[Opening COLLECTED DATA section]
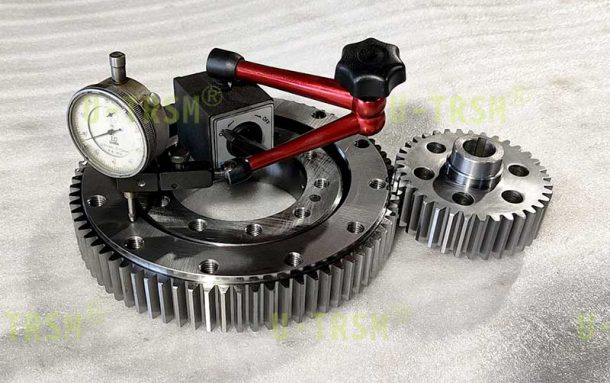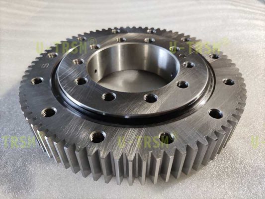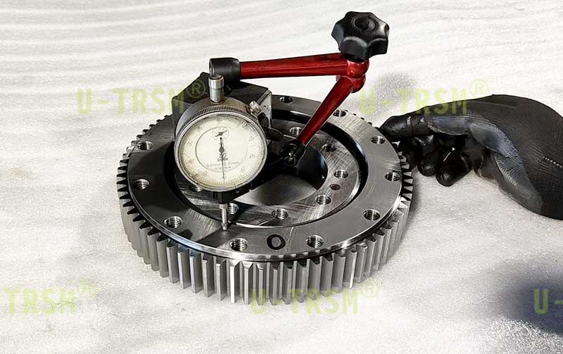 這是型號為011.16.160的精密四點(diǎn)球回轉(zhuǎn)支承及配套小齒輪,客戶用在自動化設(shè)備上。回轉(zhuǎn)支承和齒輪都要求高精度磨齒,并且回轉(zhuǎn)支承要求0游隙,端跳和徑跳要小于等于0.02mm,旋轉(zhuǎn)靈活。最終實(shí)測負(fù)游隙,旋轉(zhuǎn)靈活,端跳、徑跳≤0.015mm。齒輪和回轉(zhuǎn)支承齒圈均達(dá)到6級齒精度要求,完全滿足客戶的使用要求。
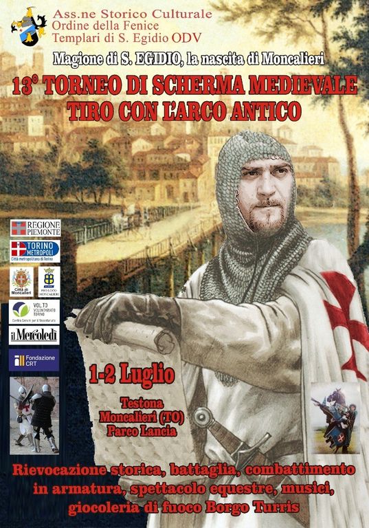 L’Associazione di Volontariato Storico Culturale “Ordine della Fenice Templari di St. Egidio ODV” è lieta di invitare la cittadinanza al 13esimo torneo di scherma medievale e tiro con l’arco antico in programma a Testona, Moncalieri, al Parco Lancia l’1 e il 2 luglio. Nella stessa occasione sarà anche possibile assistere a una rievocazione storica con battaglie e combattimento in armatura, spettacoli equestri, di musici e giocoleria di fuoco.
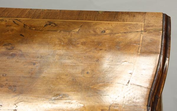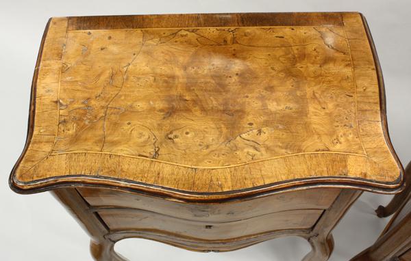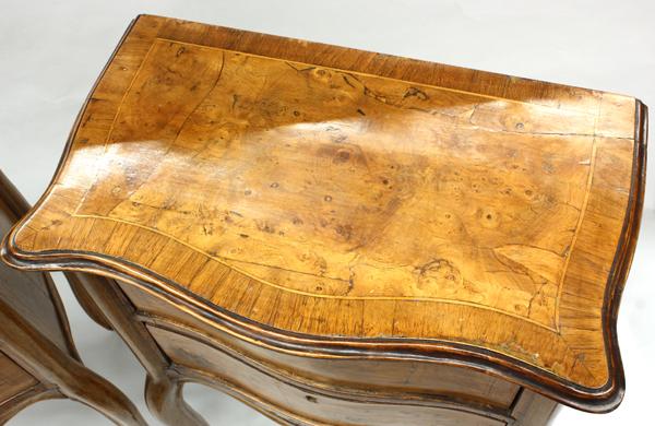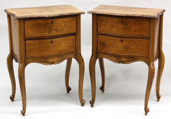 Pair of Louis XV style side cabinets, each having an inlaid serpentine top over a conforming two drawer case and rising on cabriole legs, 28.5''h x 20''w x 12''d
[Closing COLLECTED DATA section]
The answer should match the data above word for word, with no pictures in it.

## SOLUTION TO THIS TASK
 這是型號為011.16.160的精密四點(diǎn)球回轉(zhuǎn)支承及配套小齒輪,客戶用在自動化設(shè)備上。回轉(zhuǎn)支承和齒輪都要求高精度磨齒,并且回轉(zhuǎn)支承要求0游隙,端跳和徑跳要小于等于0.02mm,旋轉(zhuǎn)靈活。最終實(shí)測負(fù)游隙,旋轉(zhuǎn)靈活,端跳、徑跳≤0.015mm。齒輪和回轉(zhuǎn)支承齒圈均達(dá)到6級齒精度要求,完全滿足客戶的使用要求。
 L’Associazione di Volontariato Storico Culturale “Ordine della Fenice Templari di St. Egidio ODV” è lieta di invitare la cittadinanza al 13esimo torneo di scherma medievale e tiro con l’arco antico in programma a Testona, Moncalieri, al Parco Lancia l’1 e il 2 luglio. Nella stessa occasione sarà anche possibile assistere a una rievocazione storica con battaglie e combattimento in armatura, spettacoli equestri, di musici e giocoleria di fuoco.
 Pair of Louis XV style side cabinets, each having an inlaid serpentine top over a conforming two drawer case and rising on cabriole legs, 28.5''h x 20''w x 12''d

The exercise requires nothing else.